Determining Adherence to Quality Indicators in Sickle Cell Anemia Using Multiple Data Sources

key information

source: American Journal of Preventive Medicine

year: 2016

authors: Neunert CE, Gibson RW, Lane PA, Verma-Bhatnagar P, Barry V, Zhou M, Snyder A

summary/abstract:

INTRODUCTION:
Advances in primary prophylaxis have resulted in improved outcomes for patients with sickle cell anemia (SCA; i.e., hemoglobin SS- and Sβ(0)-thalassemia). Standard prophylactic measures include a first pneumococcal polysaccharide vaccine (PPV) and transcranial Doppler ultrasound (TCD) at age 2 years. Though efficacious, evidence suggests that delivery of these interventions is suboptimal.
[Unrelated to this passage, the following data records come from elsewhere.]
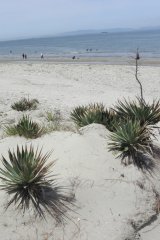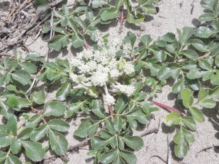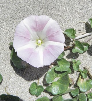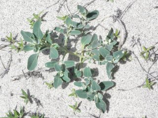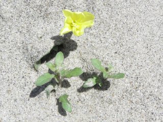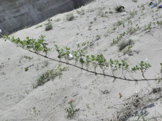 路の観察は蒲池海岸北端より砂浜に降り立ち、本題である海浜植物のコウボウム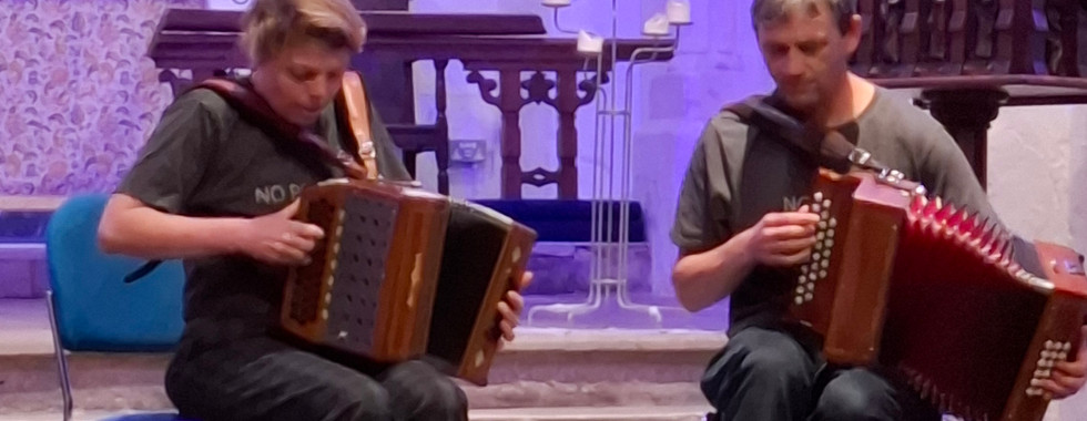 We set up the space in St Mary’s Nave for those who wanted to dance, and for folks who wanted to sit and listen. Dancers stepped quietly over the smooth stone floor, giving everyone the opportunity to hear every inflection, every exhilarating note. There were plenty of dance tunes, but Anne and Andy stuck to their “No Polkas” rule. Quite right too as this was serious music-making!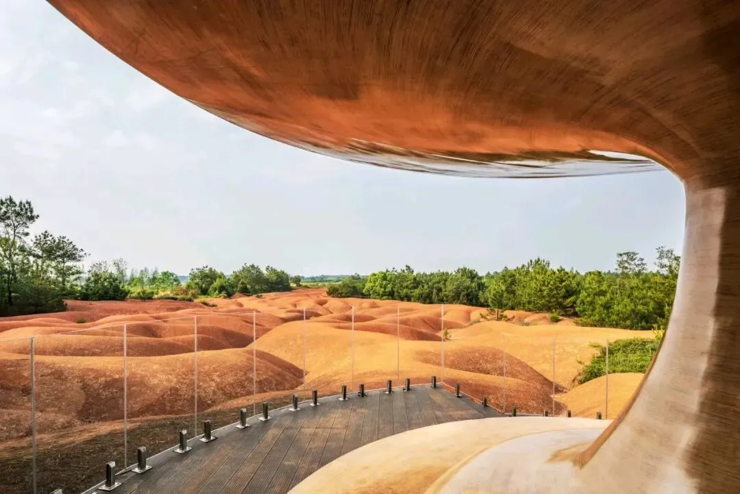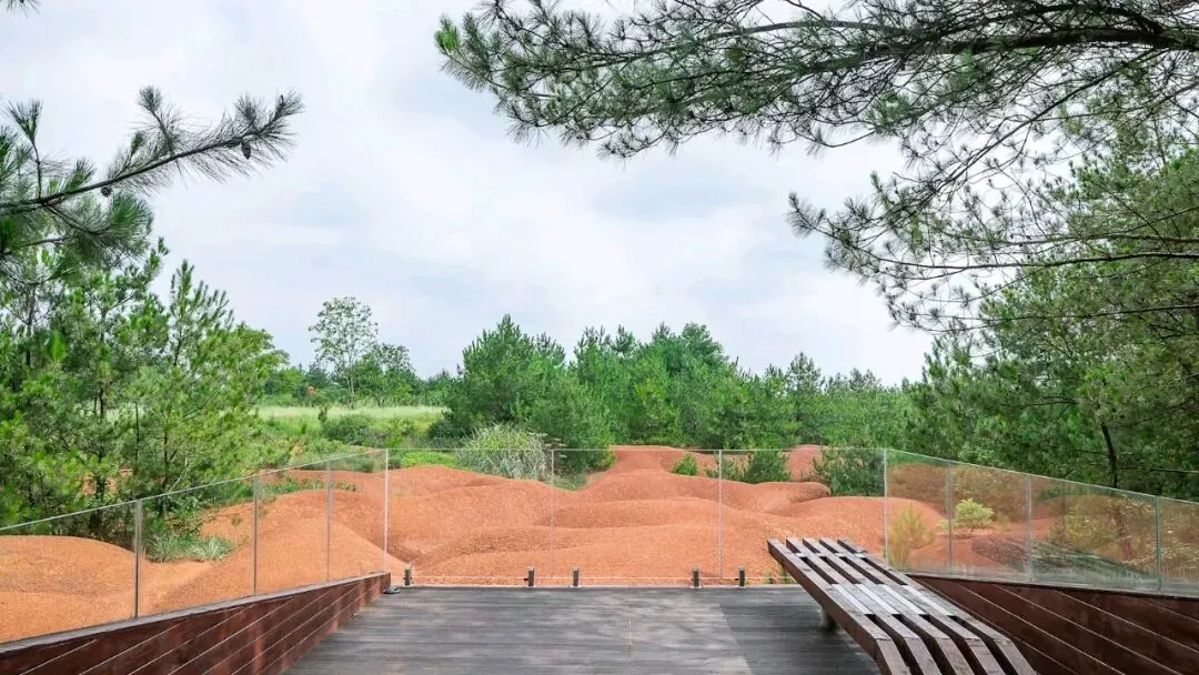 公园内,设计团队精心挑选视野开阔的地点,搭建了大小不一、朝向各异的观景平台。部分平台俯瞰壮丽的红土景观,部分平台则可远眺梅岭山脉。同时,公园还设置了“自然教室”,提供丰富的自然体验和环境教育机会,将现有林地与自然环境融为一体,让游客和学生在亲近自然的同时,了解和学习自然知识。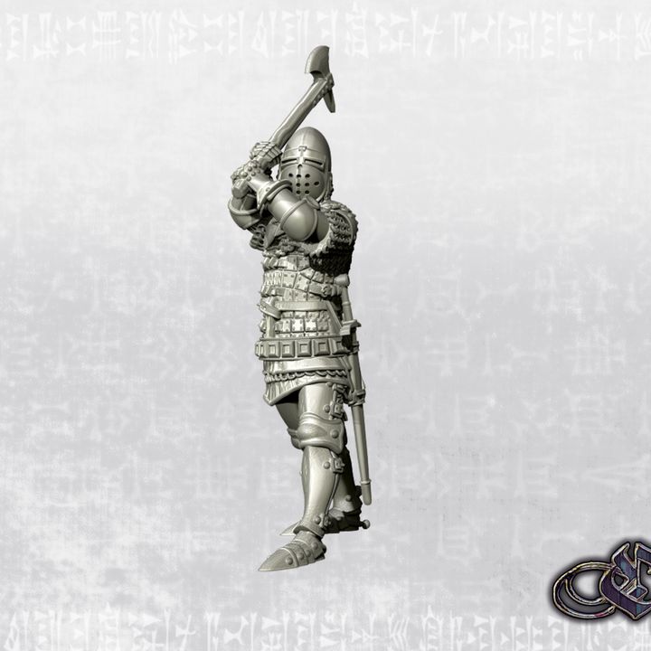 "Knight on foot slashing with axe from above - 14th century" by Ezipion miniatures.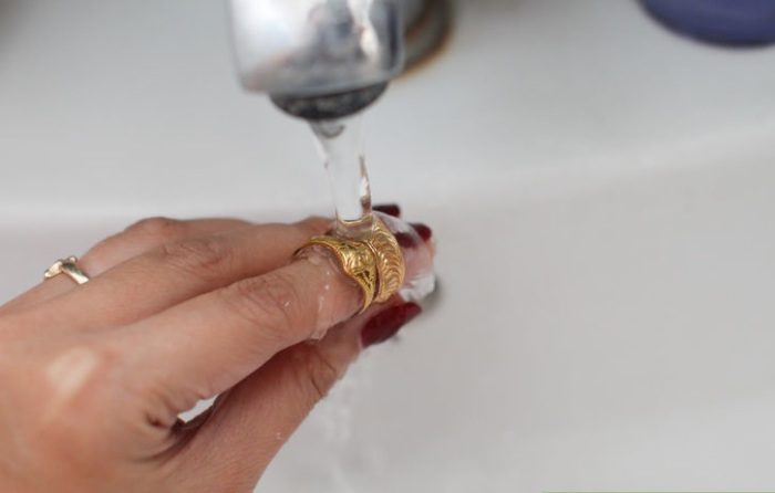После этого промыть золотые украшения под проточной теплой водой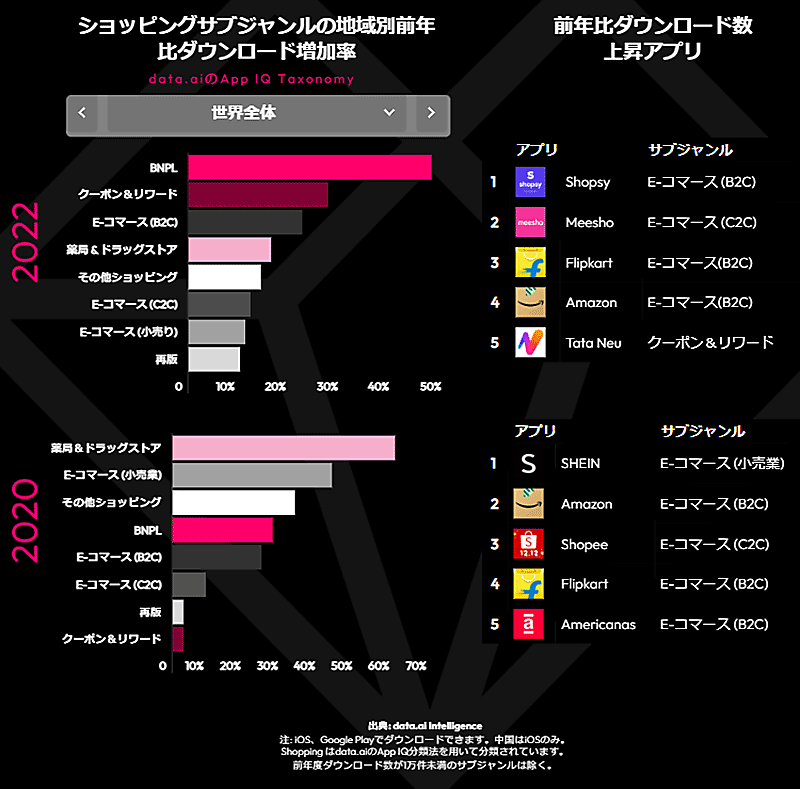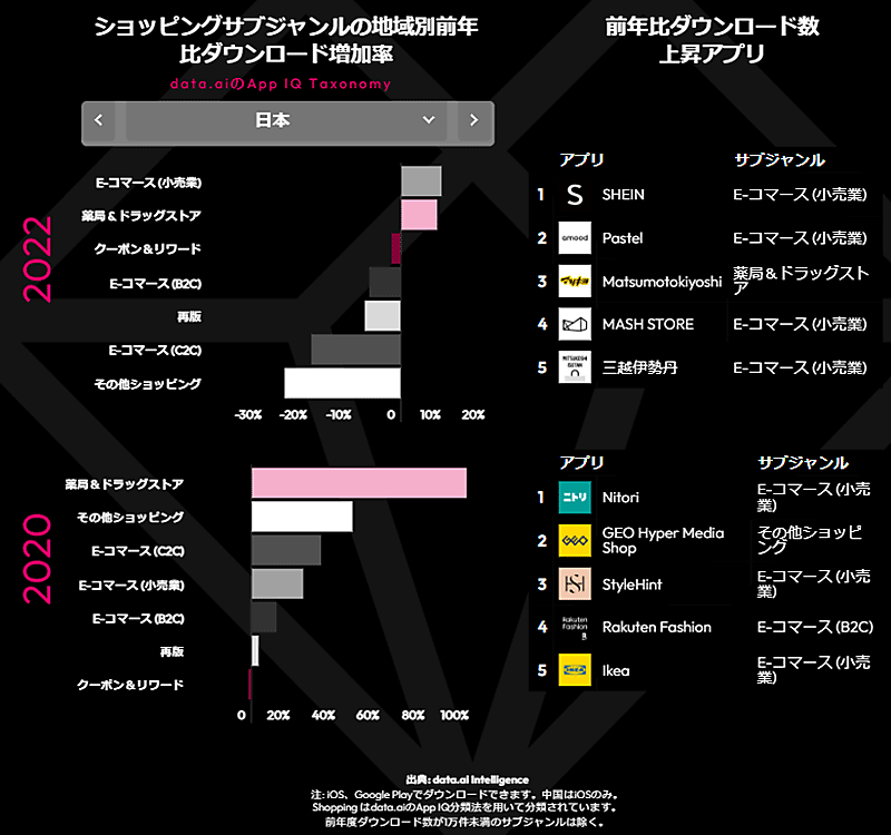 2022年の日本では、「SHEIN(シーイン)」の前年比アプリダウンロード数が上昇した。また、急上昇ダウンロード数を見ると、10位以内に「マツモトキヨシ」「ココカラファイン」といったドラッグストアがランクインしている特徴がある。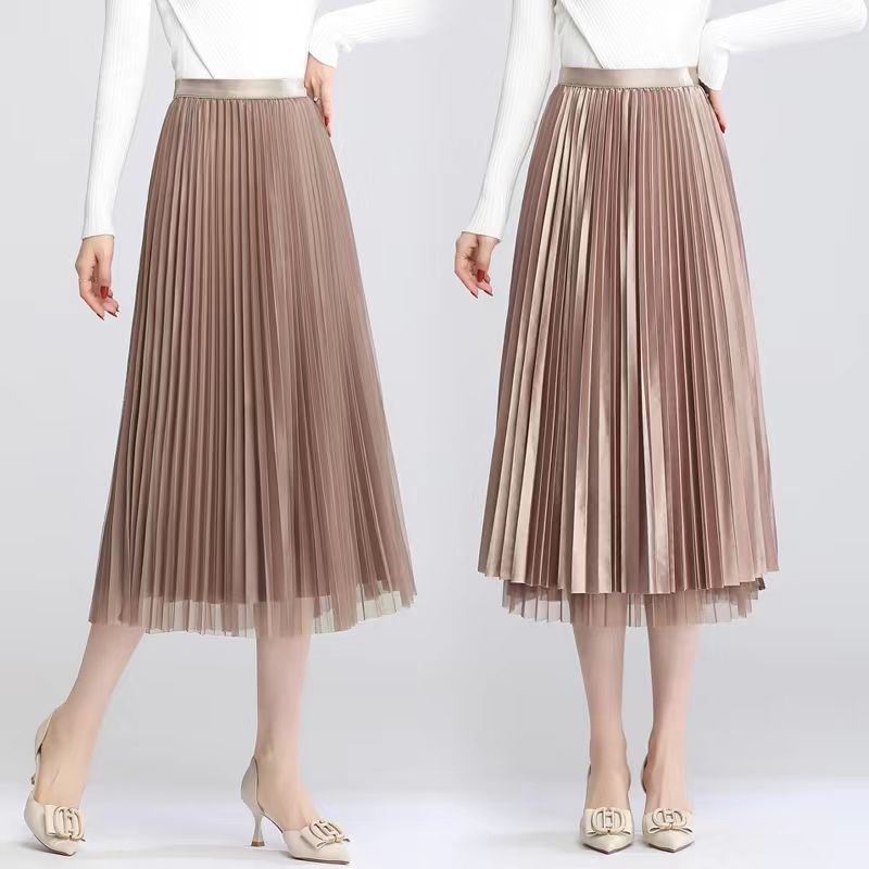 ハイウエスト春秋プリーツスカート レディース メッシュスカート レディース 新作 ドレープ感 リバーシブル シフォンスカート 大きめスカート Aラインスカート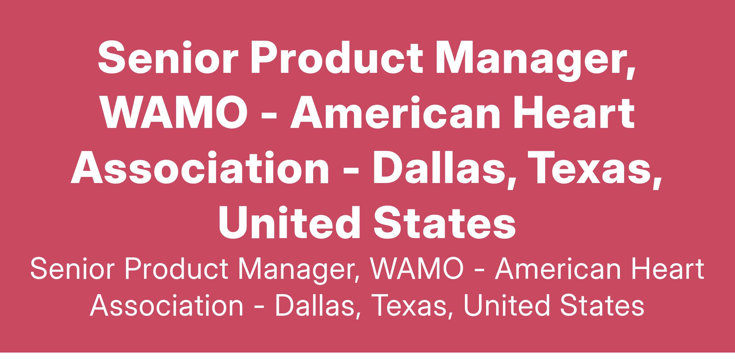 The Sr. Product Manager for the Workflow and Asset Management Optimization (WAMO) platform will collaborate closely with the Vice President of Business Solutions, various stakeholders, individual contributors across multiple American Heart Association business units, teams in Business Technology, and our implementation partners (vendors). This role will be responsible for providing strategic direction and acting as an evangelist for the WAMO platform, which comprises integrated SaaS applications including Workfront, Bynder, JumpSeat, and RequestHub.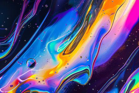 A background with vibrant colors and holographic texture displays a flowing liquid splash in various hues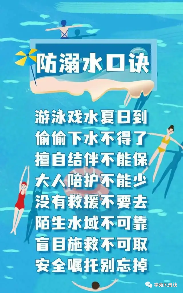 随着暑假来临,溺水又将进入高发季,希望广大家长务必增强安全意识和监护意识,切实承担起监护责任,加强对孩子的教育和管理,特别是加强孩子结伴外出游玩的管理,经常进行预防溺水等安全教育,给孩子传授相关知识和技能,不断加强孩子安全意识和自我保护意识,提高孩子们的避险防灾和自救能力,严防意外事故的发生。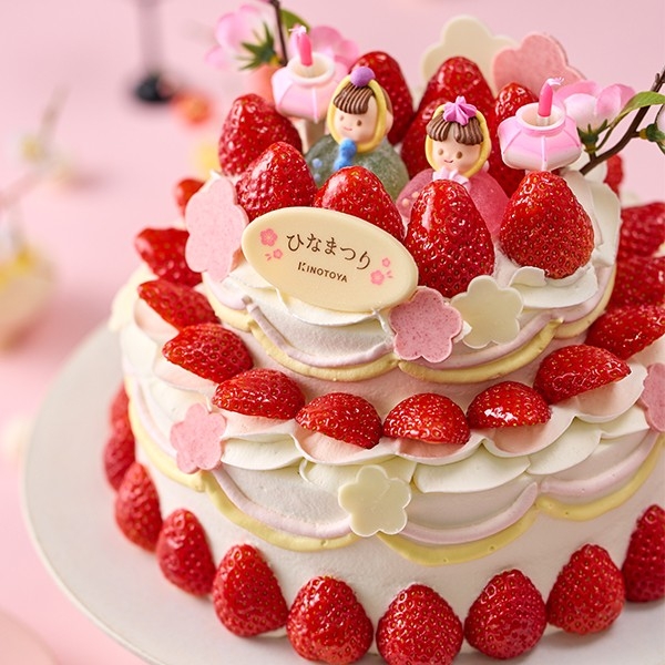 真っ赤ないちごやかわいらしいおひなさまをのせ、フレッシュな生クリーム、ふわふわのスポンジで仕上げた、特別なひなまつりケーキをご用意いたしました。すこやかな成長を願う、ひなまつり。大切な節目の日には心をこめたきのとやのケーキが花を添えます。

This study reports adherence to these measures and examines concordance across various data sources, using Registry and Surveillance for Hemoglobinopathies project data.
METHODS:
Retrospective database and SCA center chart review identified children with SCA aged 24-36 months between January 1, 2004, and December 31, 2008. PPV and TCD administration were determined through Medicaid and Children’s Health Insurance Program administrative claims data, medical record review, and Georgia Registry of Immunization Transaction and Services. Analysis was conducted in 2015.
RESULTS:
A total of 125 children met inclusion criteria. Forty-five (36.0%) children had documentation of both interventions, whereas 19 (15.2%) had no documentation of either intervention. Sixty-one (48.8%) children obtained only one intervention. Of these, more were likely to have had PPV than TCD (77.0% vs 23.0%, respectively, p<0.001). Agreement between claims data and medical record review was moderate for PPV (κ=0.55) and substantial for TCD (κ=0.74).
CONCLUSIONS:
No single, reliable data source for tracking standard of care for children with SCA statewide was found. According to study data, prophylaxis measures were not universally implemented during the surveillance period. Further research is needed to adequately track changes over time, determine risk groups, and develop methods of evaluating important metrics.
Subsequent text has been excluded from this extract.